The first Crohn's disease GWAS was conducted in a Japanese population in 2005, and identified TNFSF15 as a susceptibility locus [47]. This was followed by a rush of studies from 2006 to 2008 [48–55], each including approximately 500–2000 Crohn's disease cases and a similar number of controls genotyped at 100,000–600,000 SNPs. Unlike linkage studies, the development of standardised quality control protocols along with strict statistical criteria for claiming association and replication [55,56] meant the vast majority of SNPs that achieved genome-wide statistical significance (association p-value <5 × 10−8) were true positives. The genes and pathways identified by these early GWAS provided many insights into the biological processes underlying Crohn's disease. Most notably, associations at ATG16L1 and IRGM first suggested a role for autophagy in disease pathogenesis [2,48,52]. Other genes involved in both the innate (TLR4, CARD9, IL23R, STAT3) and adaptive immune system (HLA, TNFSF15, IRF5, PTPN22) pathways were also implicated [57]. GWAS have also shed light on the genetic overlap between Crohn's and other immune-related diseases.
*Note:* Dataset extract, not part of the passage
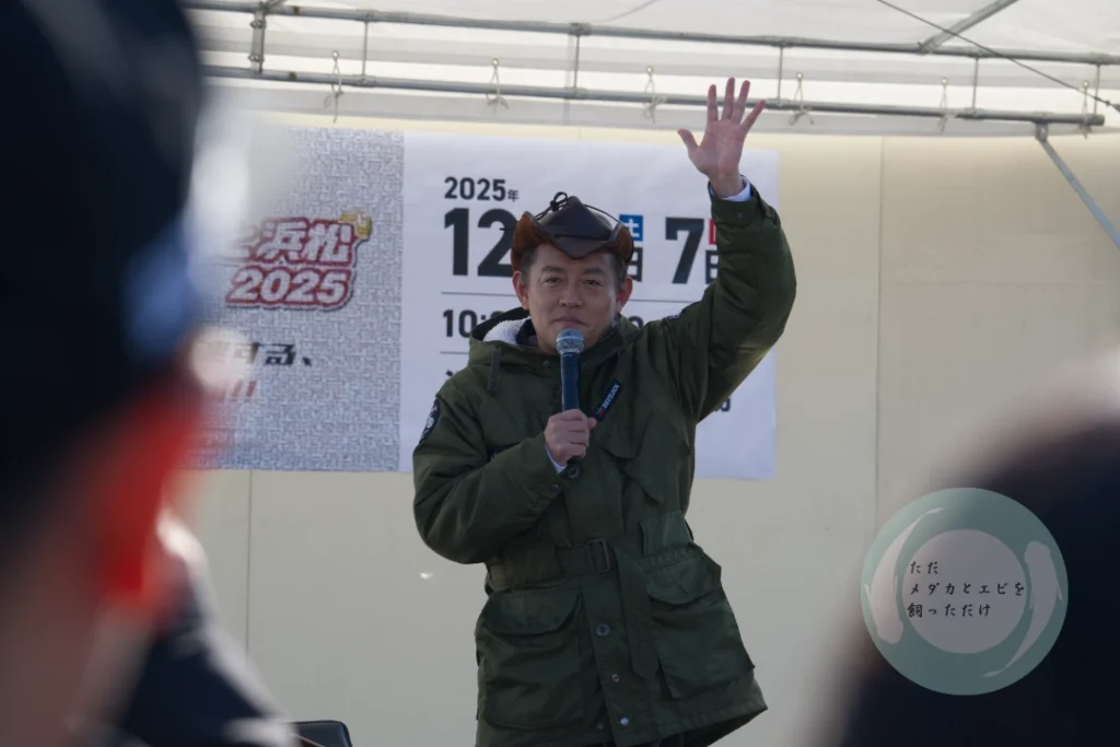 お目当ては、ゲストの「ハンバーグ師匠」のトークショーと、そのあとに行われる静岡県警の白バイデモンストレーション。
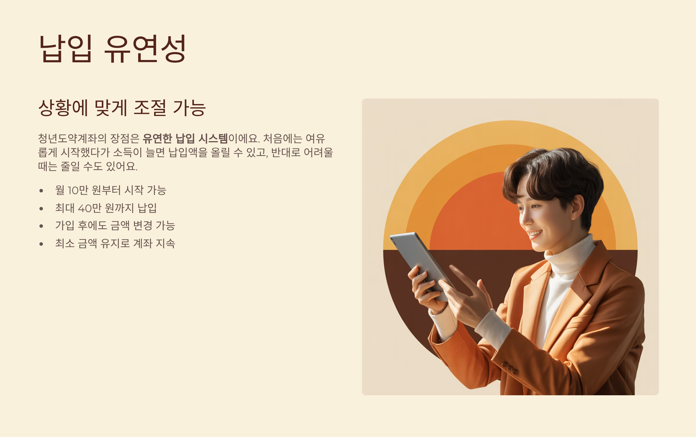 납입 금액은 월 10만 원에서 40만 원 사이에서 자유롭게 설정할 수 있고, 가입 후에도 변경이 가능해요. 처음에는 적은 금액으로 시작했다가 소득이 늘어나면 납입액을 늘릴 수 있죠. 반대로 경제 상황이 어려워지면 납입액을 줄일 수도 있어요. 이런 유연성 덕분에 장기 저축이 부담스러운 청년들도 도전해볼 만해요.

Around 30% of associated variants in these initial studies were shared with ulcerative colitis, while close to 50% of loci are shared with at least one other immune-mediated disease such as type 1 diabetes, coeliac disease or rheumatoid arthritis [58]. Unlike many of these diseases, genes in the human leucocyte antigen (HLA) region only confer a modest effect on Crohn's disease risk (ORs 1.1–1.2). This is in contrast to ulcerative colitis, where several variants in HLA-B make the largest contribution to genetic risk (ORs 1.4–1.5) [59].

These early GWAS showed that, with the exception of NOD2, the typical effect size of a Crohn's susceptibility locus was modest (OR < 1.3), such that the loci identified only explain a fraction of the known genetic component of Crohn's disease risk (highlighting the ‘missing heritability problem’ [60,61]). While it is likely that a proportion of this missing heritability is due to rare (minor allele frequency less than 1%) and structural variants that are not well-captured on the current generation of GWAS microarrays, a substantial number of common variants will have even smaller effects than those identified, requiring much larger sample sizes to detect [62]. Indeed, for Crohn's disease, it has been estimated that 22% of the differences in individual disease risk seen in the population (variance in disease liability) can be explained by common variants tagged on microarrays [63] – more than double that explained by known risk loci [64].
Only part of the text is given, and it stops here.